Wie bei Kühlvorrichtungen üblich ist auch bei den dargestellten Ausführungsbeispielen der erfindungsgemäßen Vorrichtung mindestens ein Thermostat für die Steuerung der Kühlmitteltemperatur vorgesehen. In bevorzugter Weise sind nun bei dem in Fig. 3 und 4 dargestellten Ausführungsbeispiel für jeden der durch die Trennwand 10 abgetrennten Teilräume des Innenraumes des Gehäuses 3 separate Kühlmittelkreisläufe und jeweils ein zugeordneter Thermostat vorgesehen. Damit ist in vorteilhafter Weise eine separate Steuerung der Kühltemperatur der beiden Flüssigkeitsbehälter 1 innerhalb des zweigeteilten Gehäuses 3 möglich.

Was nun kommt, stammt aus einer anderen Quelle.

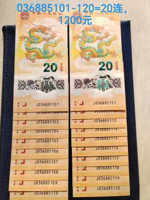 引用 引用樓主tony071166于2024-01-15 12:11發(fā)表的 2024龍鈔20連 :2024龍鈔20連J036885101-1201200元
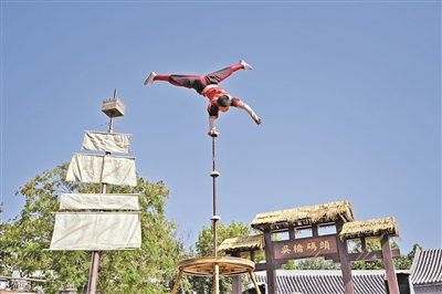 9月25日,杂技艺人在吴桥杂技大世界江湖文化城内表演。
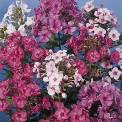 Phlox paniculata F-1 hybrid. Mix of white, pinks, reds and lilacs excellent for borders and cutflowers. Blooms from June till frost. Perennial.
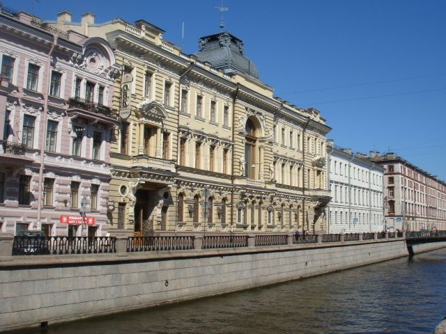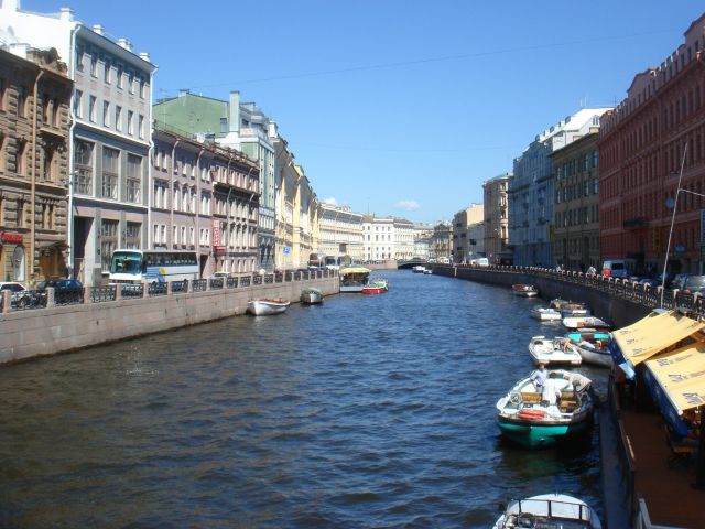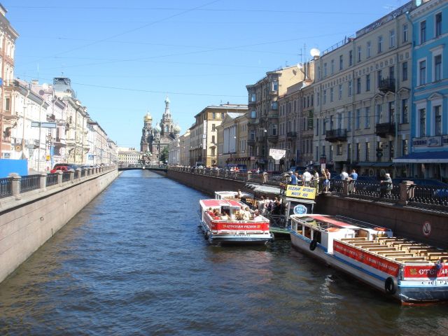 | ネフスキー大通りを横切る運河。手前は遊覧船サービス。奥に見えるのは、スパス・ナ・クラヴィー聖堂 | |

Dabei ist in weiter bevorzugter Weise die Trennwand thermisch isolierend ausgestaltet.


Anspruch[de]
  1. 1. Vorrichtung zum Kühlen mindestens eines flexiblen Flüssigkeitsbehälters (1), an dem ein Ventil (2) zum Entnehmen der Flüssigkeit angeordnet ist, die ein Gehäuse (3) sowie ein ein Kühlmittel abkühlendes Kühlaggregat aufweist, dadurch gekennzeichnet,

    daß mindestens in einer der Wände (5, 6, 7) des Gehäuses (3) eine Kühlmittelleitung angeordnet ist, wobei der flexible Flüssigkeitsbehälter (1) an die mindestens eine Wand (5, 6, 7) anlegbar ist,

    daß an einer Seitenwand (6, 7) des Gehäuses (3) eine Öffnung (9) angeordnet ist, durch die das Ventil (2) hindurchsteckbar ist und

    daß eine Klemmvorrichtung für die Befestigung des sich durch die Öffnung (9) erstreckenden Ventils (2) des Flüssigkeitsbehälters (1) vorgesehen ist.

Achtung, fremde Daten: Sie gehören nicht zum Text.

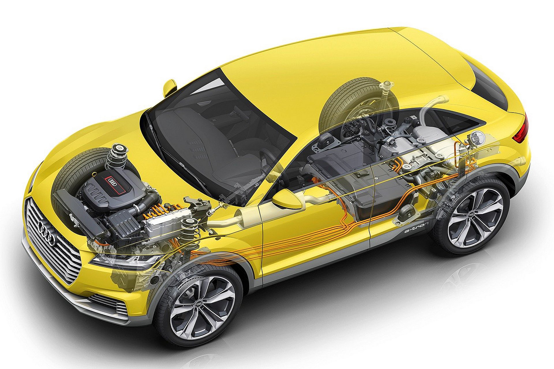 Il nuovo sistema di trazione integrale Audi ha debuttato con la concept TT Offroad, mossa da un 2.0 TFSI (turbo a iniezione diretta di benzina) da 300 cv che, in abbinamento alle due unità elettriche, può contare su di una potenza complessiva di 408 cv e un’autonomia a zero emissioni di 50 km. La prima vettura di serie dotata della tecnologia e-quattro dovrebbe essere la nuova A4, in arrivo entro la fine del 2015, cui farà seguito nel 2017 la crossover sportiva TTQ, derivata dalla coupé TT.

  2. 2. Vorrichtung nach Anspruch 1, dadurch gekennzeichnet, daß die Öffnung (9) im wesentlichen auf der Höhe des Bodens (5) des Gehäuses (3) angeordnet ist.

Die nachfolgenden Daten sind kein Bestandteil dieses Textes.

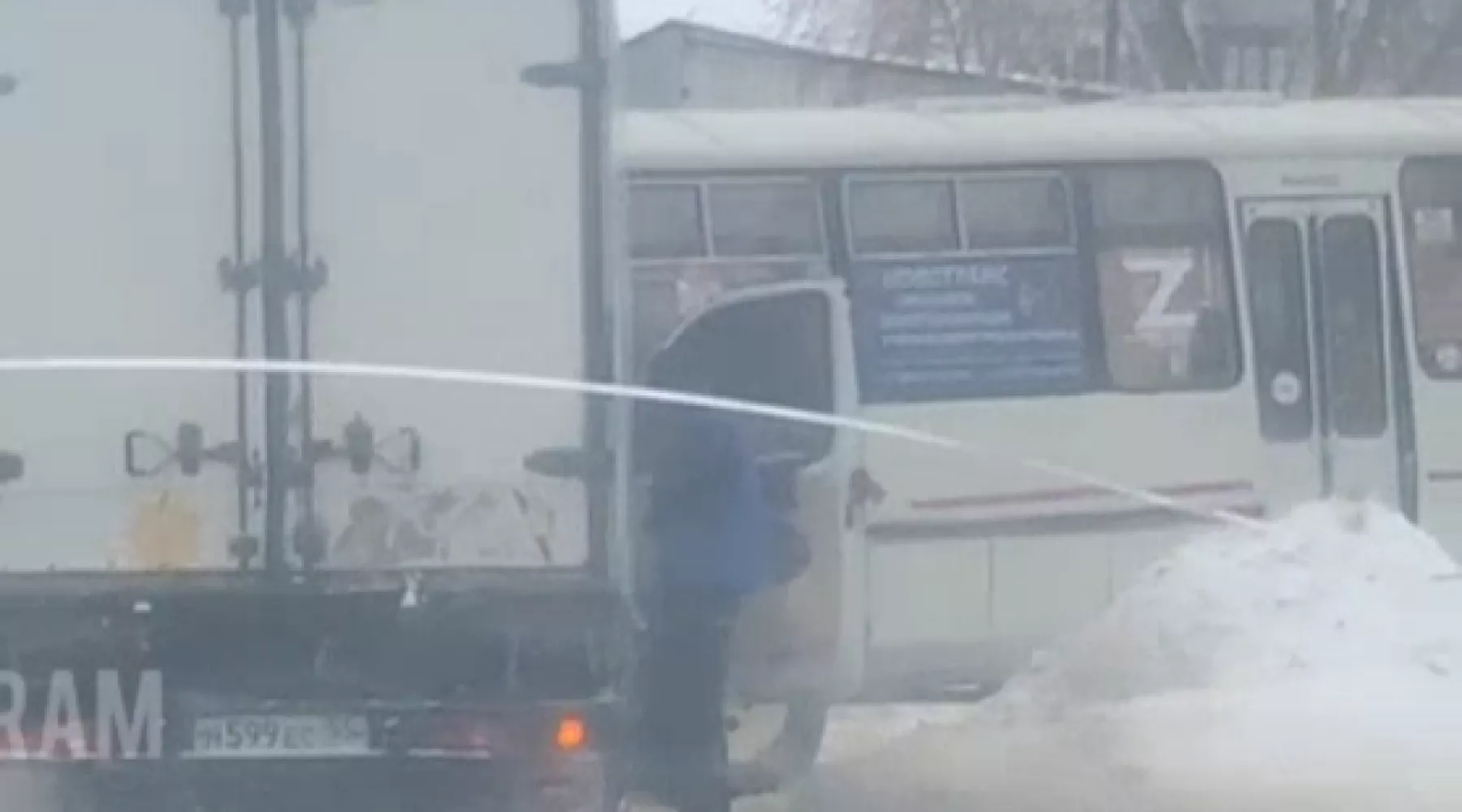 Детали происшествия пока не сообщаются. Но на видео видно, как грузовой автомобиль столкнулся с автобусом.

  3. 3. Vorrichtung nach Anspruch 1 oder 2, dadurch gekennzeichnet, daß der Boden (5) des Gehäuses (3) eine nach vorne fallende Neigung aufweist.
  4. 4. Vorrichtung nach einem der Ansprüche 1 bis 3, dadurch gekennzeichnet, daß eine der Wände (6, 8) des Gehäuses (3), beweglich am Gehäuse (3) angeordnet ist.
  5. 5. Vorrichtung nach Anspruch 4, dadurch gekennzeichnet, daß die bewegliche Wand (8) als oben angeordneter, verschiebbarer oder verschwenkbarer Deckel (8) ausgebildet ist.
  6. 6. Vorrichtung nach Anspruch 5, dadurch gekennzeichnet, daß der Deckel (8) im Bereich der vorderen Kante abgeschrägt ist.
  7. 7. Vorrichtung nach Anspruch 5 oder 6, dadurch gekennzeichnet, daß die Kühlmittelleitungen im Boden (5) und in den Seitenwänden (6, 7) des Gehäuses (3) angeordnet sind.
  8. 8. Vorrichtung nach Anspruch 4, dadurch gekennzeichnet, daß die Vorderwand (6) des Gehäuses (3) schwenkbar am Gehäuse befestigt ist.
  9. 9. Vorrichtung nach Anspruch 8, dadurch gekennzeichnet, daß die Kühlmittelleitungen im Boden (5), in der Wand (8) und in den weiteren Seitenwänden (7) des Gehäuses (3) angeordnet sind.
  10. 10. Vorrichtung nach Anspruch 9 dadurch gekennzeichnet, daß die Klemmvorrichtung als abnehmbarer, vorzugsweise U-förmiger Klemmbügel ausgebildet ist.
  11. 11. Vorrichtung nach Anspruch 10, dadurch gekennzeichnet, daß das im Bereich des Ventils (2) angeordnete Material des Flüssigkeitsbehälters (1) bei befestigter Klemmvorrichtung die Öffnung (9) abdichtet.
  12. 12. Vorrichtung nach einem der Ansprüche 1 bis 11, dadurch gekennzeichnet, daß das Gehäuse (3) für die Aufnahme von mindestens zwei Flüssigkeitsbehältern (1) geeignet ist und für jeden Flüssigkeitsbehälter (1) eine Öffnung (9) aufweist.
  13. 13. Vorrichtung nach Anspruch 12, dadurch gekennzeichnet, daß eine Trennwand (10) zwischen jeweils zwei innerhalb des Gehäuses (3) angeordneten Flüssigkeitsbehältern (1) vorgesehen ist, die vorzugsweise thermisch isolierend ausgebildet ist.
  14. 14. Vorrichtung nach einem der Ansprüche 1 bis 13, dadurch gekennzeichnet, daß mindestens ein Thermostat für eine Steuerung der Kühlmitteltemperatur vorgesehen ist.
  15. 15. Vorrichtung nach Anspruch 13, dadurch gekennzeichnet, daß die durch jeweils eine Trennwand (11) voneinander getrennten Bereiche des Innenraumes des Gehäuse (3) jeweils einen gesonderten Kühlmittelkreislauf und einen Thermostat aufweisen und daß die Kühlmitteltemperaturen der beiden Kühlmittelkreisläufe separat voneinander regelbar sind.